## Requirement
What is needed is an exact reproduction of the lines in the records below, starting at the line with "Women Korean Fashion" and ending at the line with "隨后陜西省登山協(xié)會", both included, and nothing else; pictures stay out.

## Input
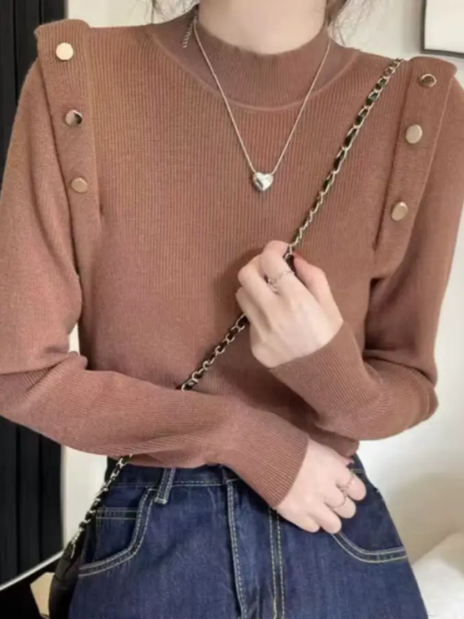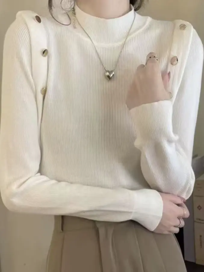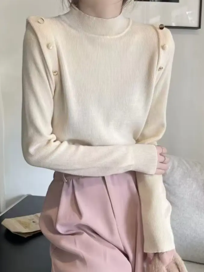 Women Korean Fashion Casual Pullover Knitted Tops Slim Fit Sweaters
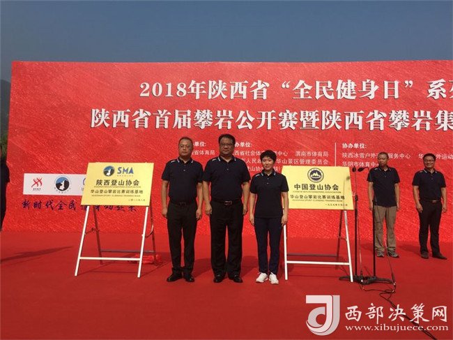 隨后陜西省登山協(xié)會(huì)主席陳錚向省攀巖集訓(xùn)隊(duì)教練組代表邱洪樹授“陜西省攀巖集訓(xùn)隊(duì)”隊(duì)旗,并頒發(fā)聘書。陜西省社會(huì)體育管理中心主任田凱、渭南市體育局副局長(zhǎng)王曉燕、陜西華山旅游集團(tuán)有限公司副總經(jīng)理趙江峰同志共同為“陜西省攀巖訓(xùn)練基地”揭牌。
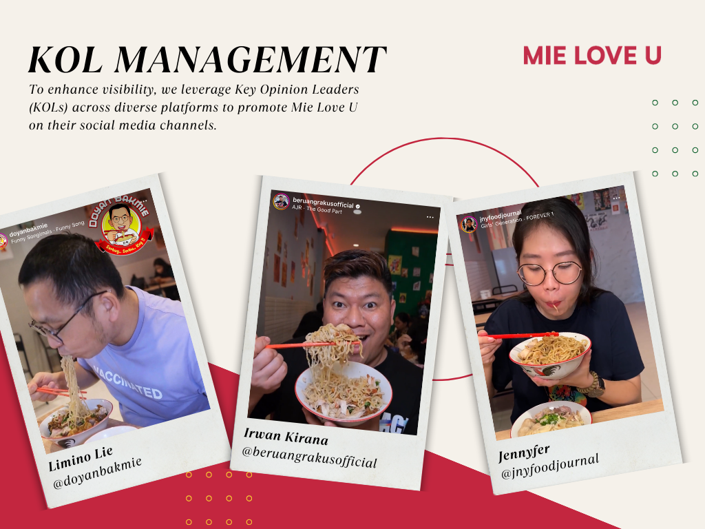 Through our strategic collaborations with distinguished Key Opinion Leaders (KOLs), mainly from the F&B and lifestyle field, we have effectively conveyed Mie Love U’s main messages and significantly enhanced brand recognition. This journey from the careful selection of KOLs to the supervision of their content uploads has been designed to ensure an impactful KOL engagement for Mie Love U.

* * *

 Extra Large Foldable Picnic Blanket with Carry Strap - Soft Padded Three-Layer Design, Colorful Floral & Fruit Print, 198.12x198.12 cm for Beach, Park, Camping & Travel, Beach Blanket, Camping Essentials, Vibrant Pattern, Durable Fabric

* * *

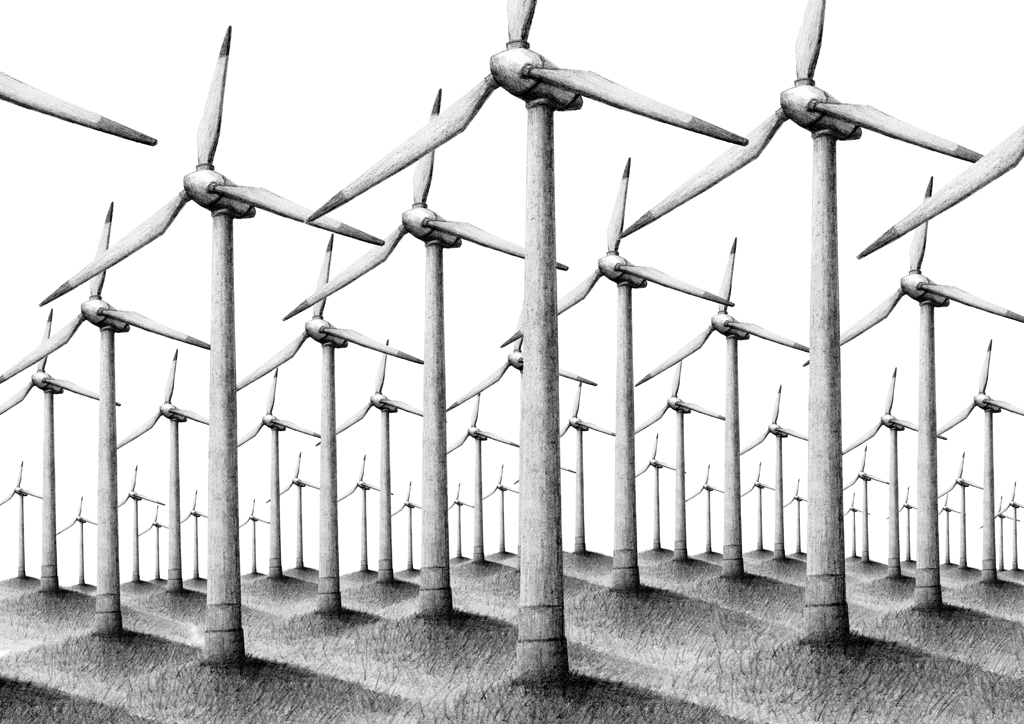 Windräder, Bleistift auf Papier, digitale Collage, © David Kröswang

## Exercise result
 Women Korean Fashion Casual Pullover Knitted Tops Slim Fit Sweaters
 隨后陜西省登山協(xié)會(huì)主席陳錚向省攀巖集訓(xùn)隊(duì)教練組代表邱洪樹授“陜西省攀巖集訓(xùn)隊(duì)”隊(duì)旗,并頒發(fā)聘書。陜西省社會(huì)體育管理中心主任田凱、渭南市體育局副局長(zhǎng)王曉燕、陜西華山旅游集團(tuán)有限公司副總經(jīng)理趙江峰同志共同為“陜西省攀巖訓(xùn)練基地”揭牌。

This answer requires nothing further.